Mobile phones that can sense 3D motion and geometry in a touchscreen app. That's one of Google's next big projects. It all sounds pretty cool, but will the project tie into advertising? It's really not clear, but Google is giving developers an opportunity to build out apps based on the technology. The company is looking for developers interested in building more than a mobile touchscreen app.

The project's goal to give mobile devices a "human scale understanding of space and motion" could support retail several ways. One points to an indoor mapping system of physical stores. Another would offer online consumers the ability to map the inside of a room in a home before taking individual items from the store to build a model.

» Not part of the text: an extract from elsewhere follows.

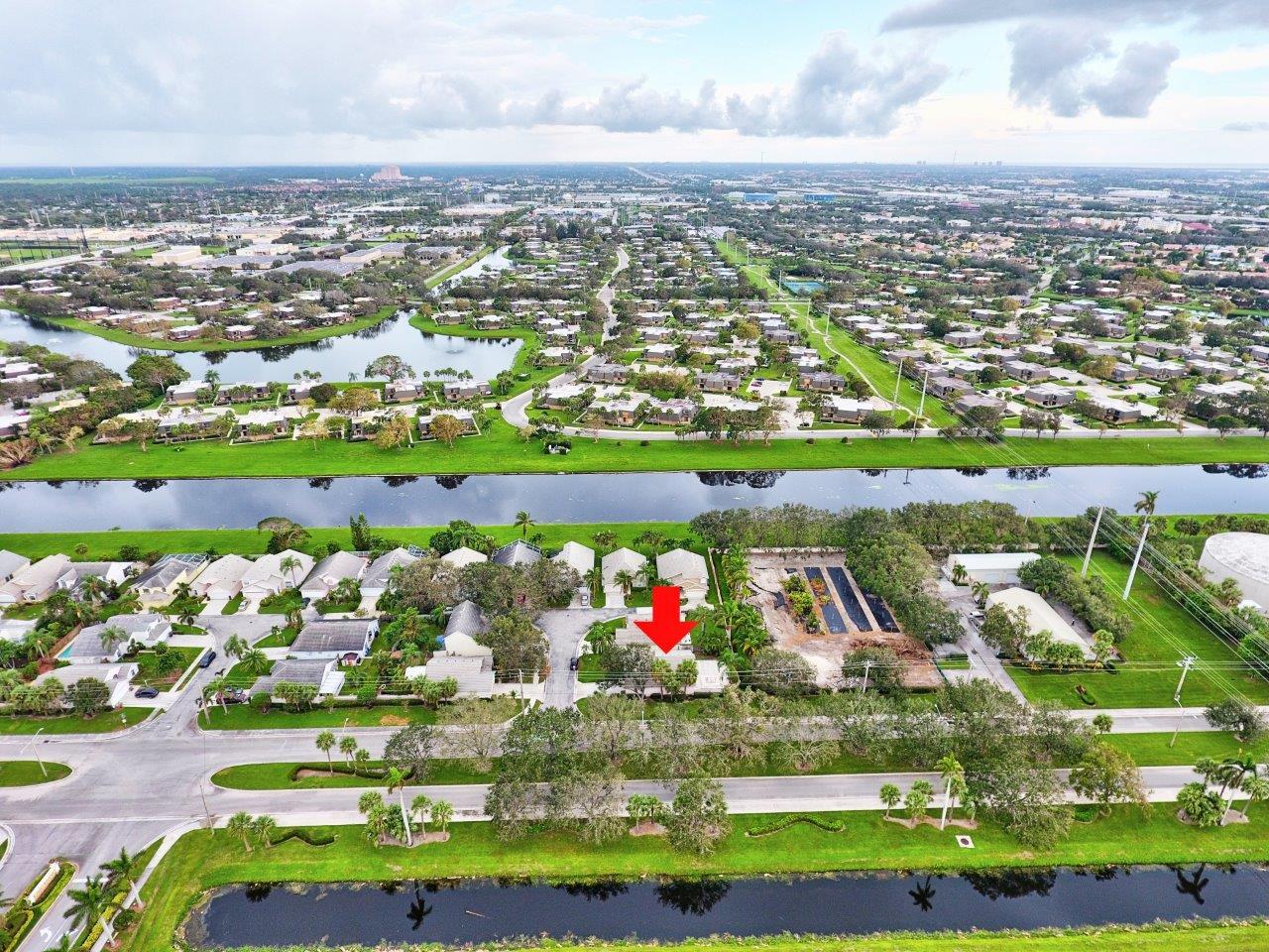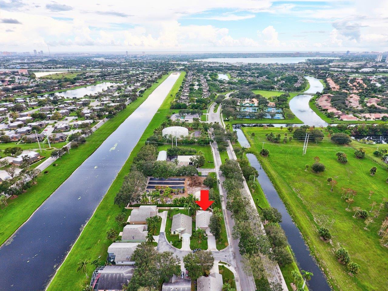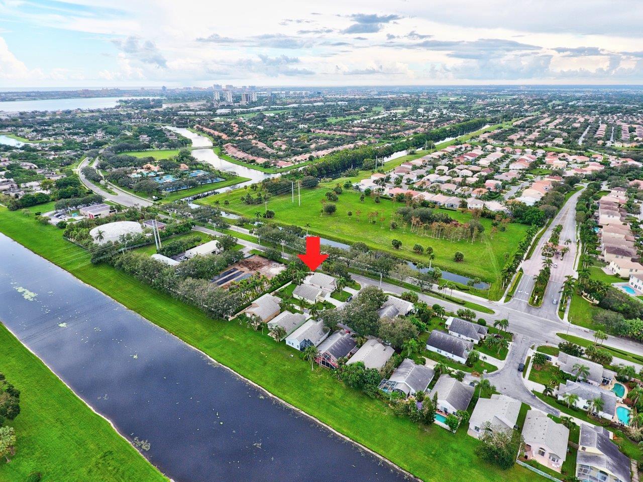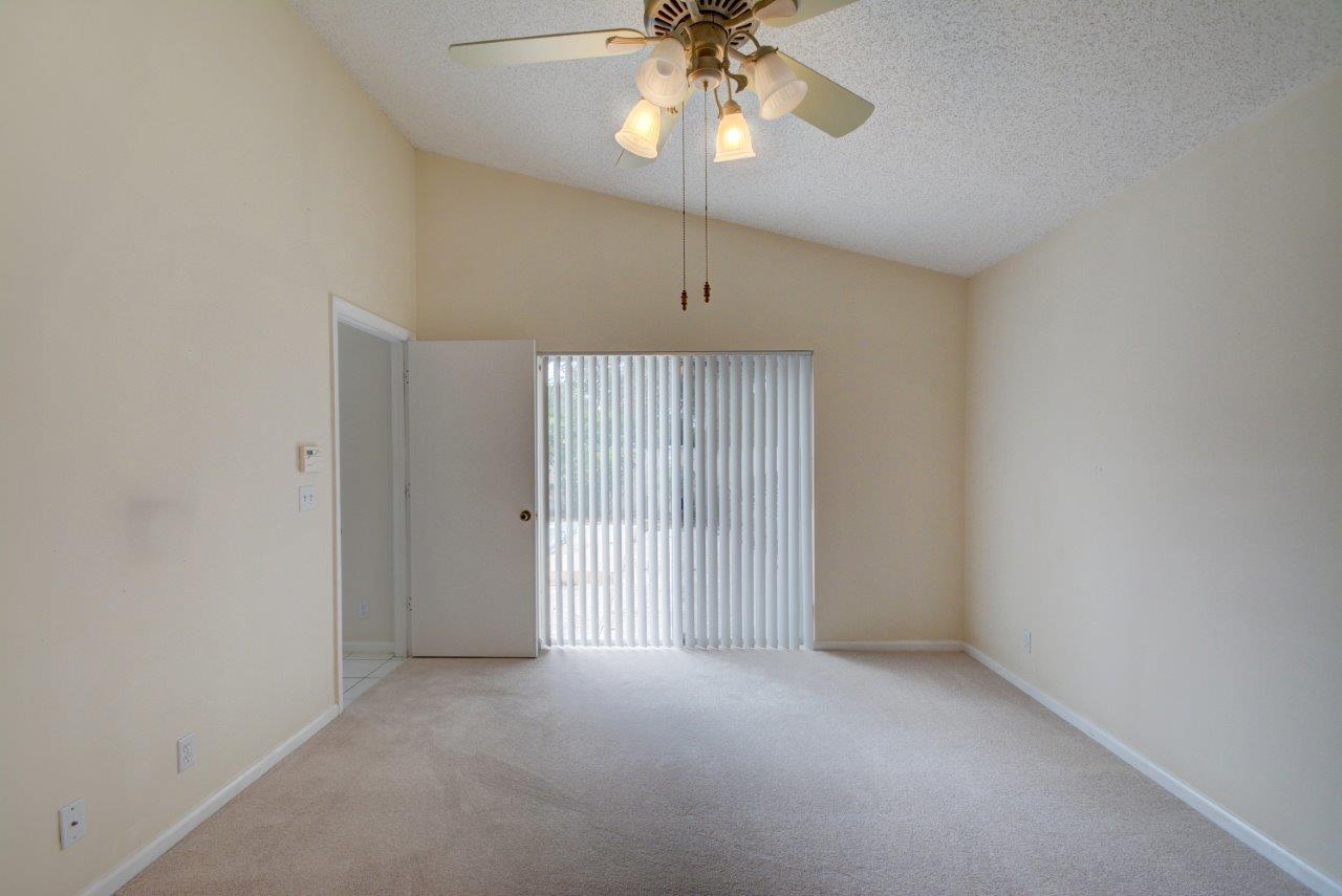 Superb location between Military Trail and Village Blvd just off Cumberland across from green space. Private courtyard surrounding welcoming heated in-ground spa with large open patio ready to be made into your tropical oasis. Great spot for gatherings, a quiet spot for coffee in the early morning or a glass of your favorite at sunset. Three bedroom along with two baths. New carpeting in master bedroom. Tile throughout main. Easy access to dining, shopping (Outlet Mall), sports venues (new Spring Training facility), beaches, airport and more. Walking distance to community recreational facilities that include pool, tennis, racquetball and basketball courts along with a picnic area and playground.Close to schools.

Consumers could use something similar when shopping for clothes by uploading a 3D image of themselves and matching garments to see what might looks best before making the purchases. Google also mentions apps for the visually impaired and gaming.



The prototype phone contains 4MP camera, 2-times computer vision processor, integrated depth-sensing technology and motion-tracking camera. It allows the phone to track motion in full 3D in real-time as the consumer holds it. The sensors make more than 250,000 measurements every second to create one 3D model of the environment.

Johnny Lee explains how Google's ATAP Project Tango Team works with universities, research laps and industrial partners to harvest the past 10 years of research on robotics and computer vision for use in a mobile phone.

Aside from George Washington University, Google partnered with 16 companies to work on the project. Companies like 3D Robotics, Bosh, Open Source Robotics Foundation, Movidius, OLogic, Paracosm, hiDOF, and MMSolutions, among others will participate. During the next few months Google and partners will release kit to developers to build applications and algorithms for the platform.

Lee works in Google's special project team, Google X. He joined the company in 2011, where he worked as a researcher in Microsoft's Applied Sciences Group. His roots at Microsoft go back to 2005 where he explored the "feasibility of low-cost brain computer interfaces as input for able bodied individuals," per his LinkedIn profile.